"""

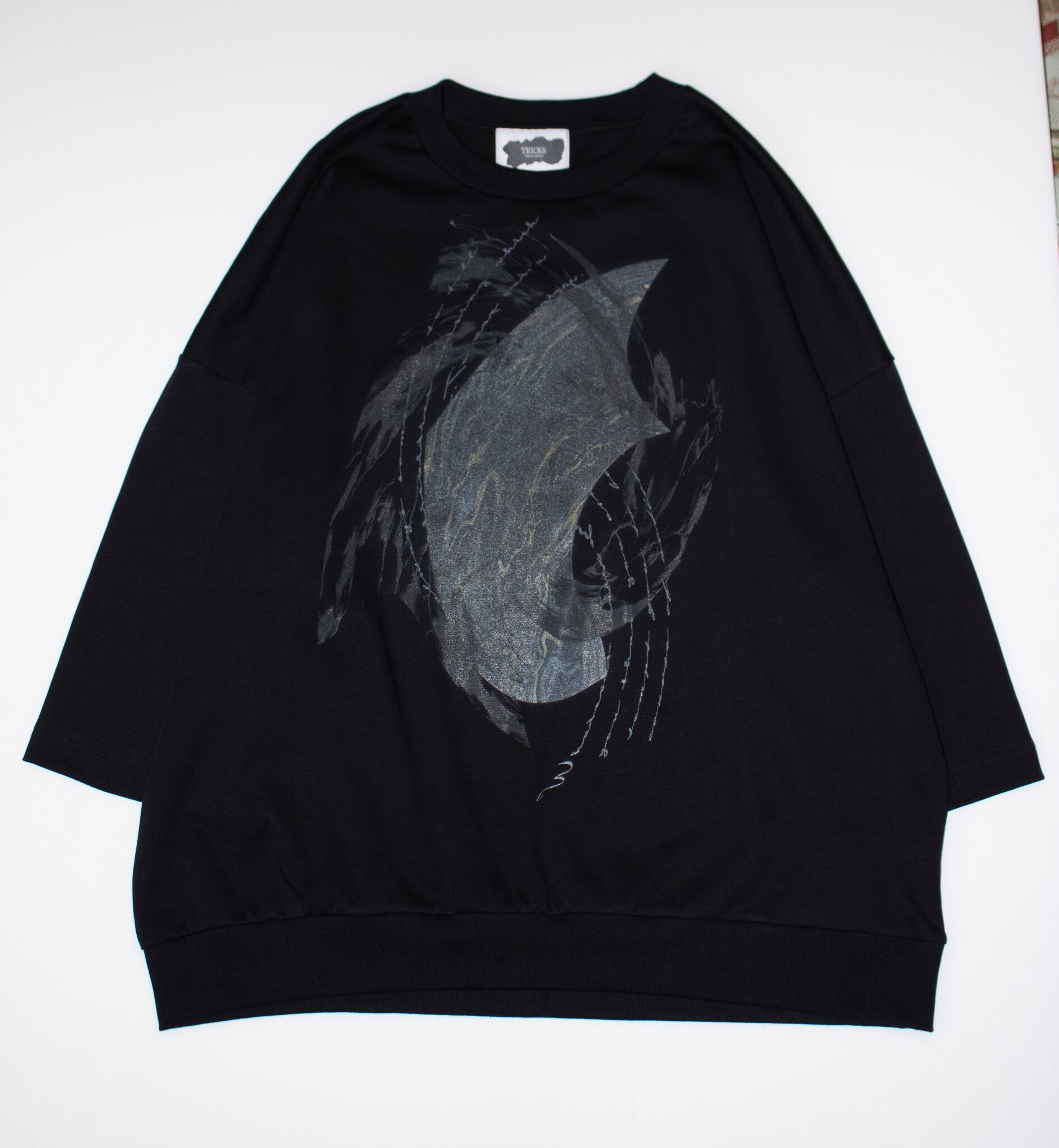 TRICKS グラフィック-ワイドビッグ7分スリーブ - ブラックゴールド
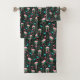 Cette élégante serviette de bain motif en flamand et un linge de toilette ont été conçus dans un style Art déco rétro des années 20. Les flamants roses vifs se reposent sur un arrière - plan qui comprend des frondes de fougères aux couleurs audacieuses et des formes géométriques rectangulaires dans des tons vert turquoise/bleu turquoise, le tout sur fond de noir. Ce joli design stylisé convient parfaitement à tous ceux qui aiment ces animaux tropicaux et qui recherchent un motif élégant avec une touche rétro des années 20.
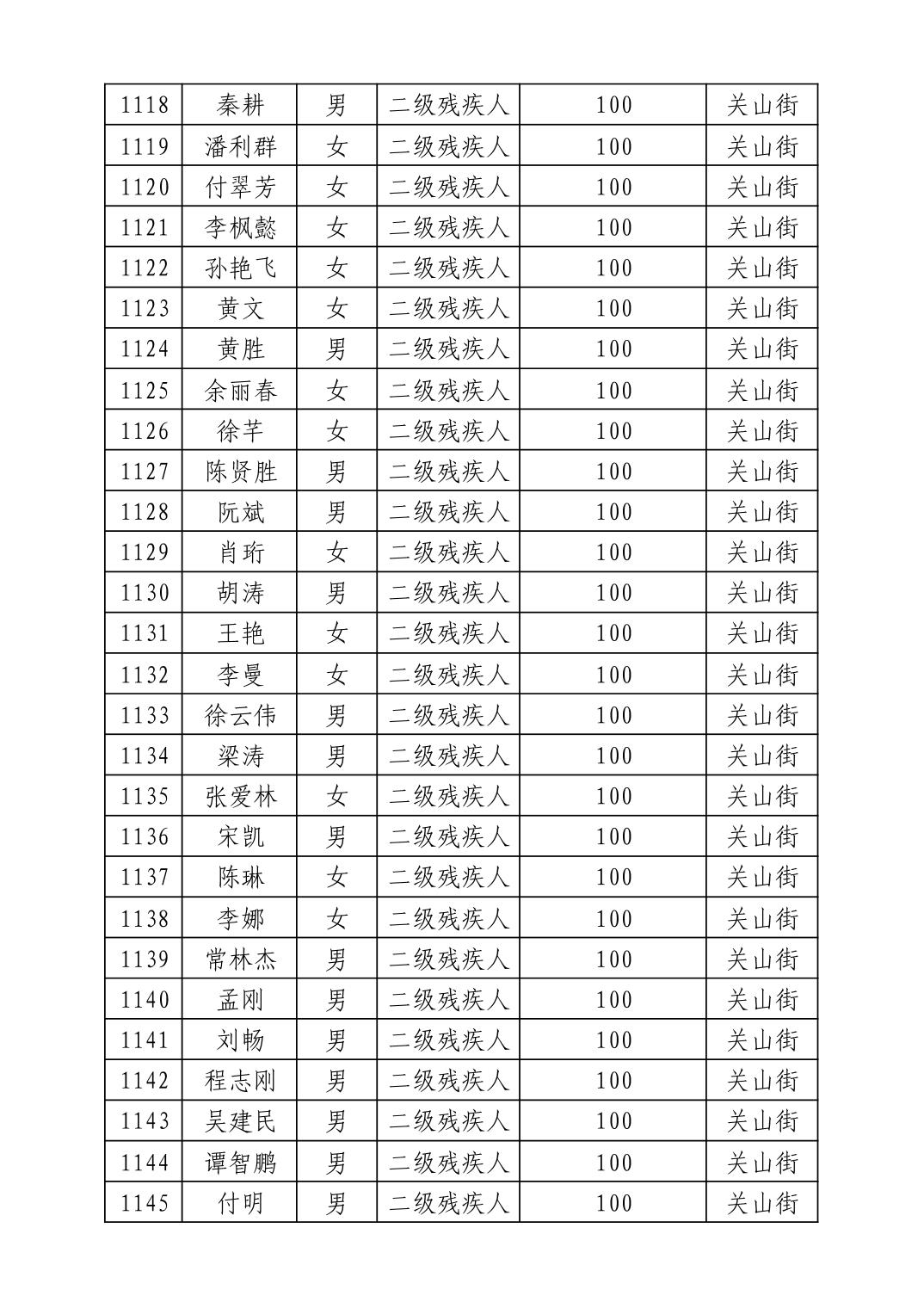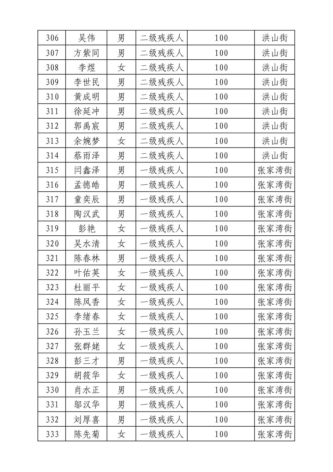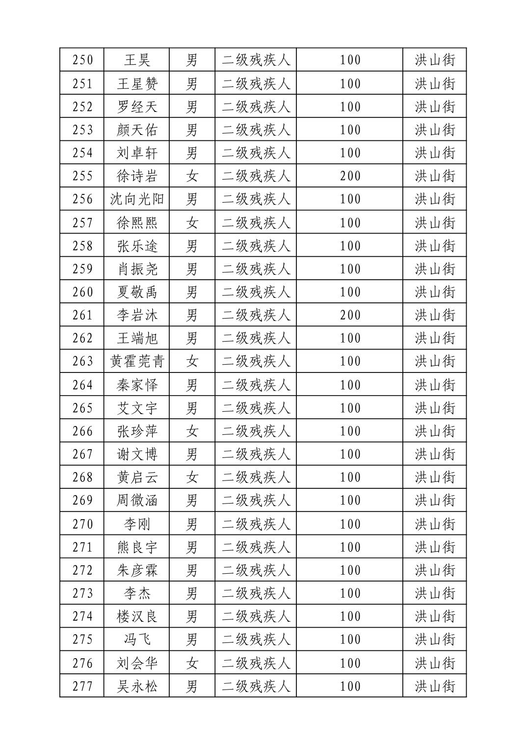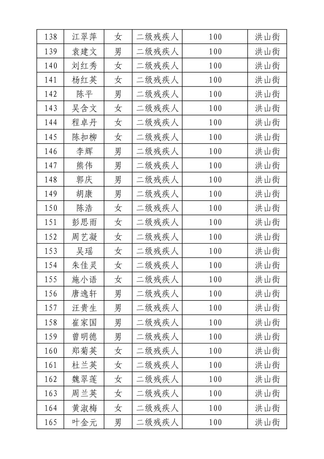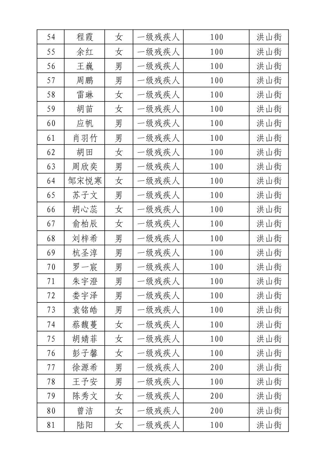 名 称:2025年11月武汉市洪山区重度残疾人护理补贴发放表

"""

* ACTIVITY *
The lines to repeat run from the line containing "Cette élégante serviette" through the last line of the material above; give them exactly, without the pictures.

* ANSWER SPACE *
 Cette élégante serviette de bain motif en flamand et un linge de toilette ont été conçus dans un style Art déco rétro des années 20. Les flamants roses vifs se reposent sur un arrière - plan qui comprend des frondes de fougères aux couleurs audacieuses et des formes géométriques rectangulaires dans des tons vert turquoise/bleu turquoise, le tout sur fond de noir. Ce joli design stylisé convient parfaitement à tous ceux qui aiment ces animaux tropicaux et qui recherchent un motif élégant avec une touche rétro des années 20.
 名 称:2025年11月武汉市洪山区重度残疾人护理补贴发放表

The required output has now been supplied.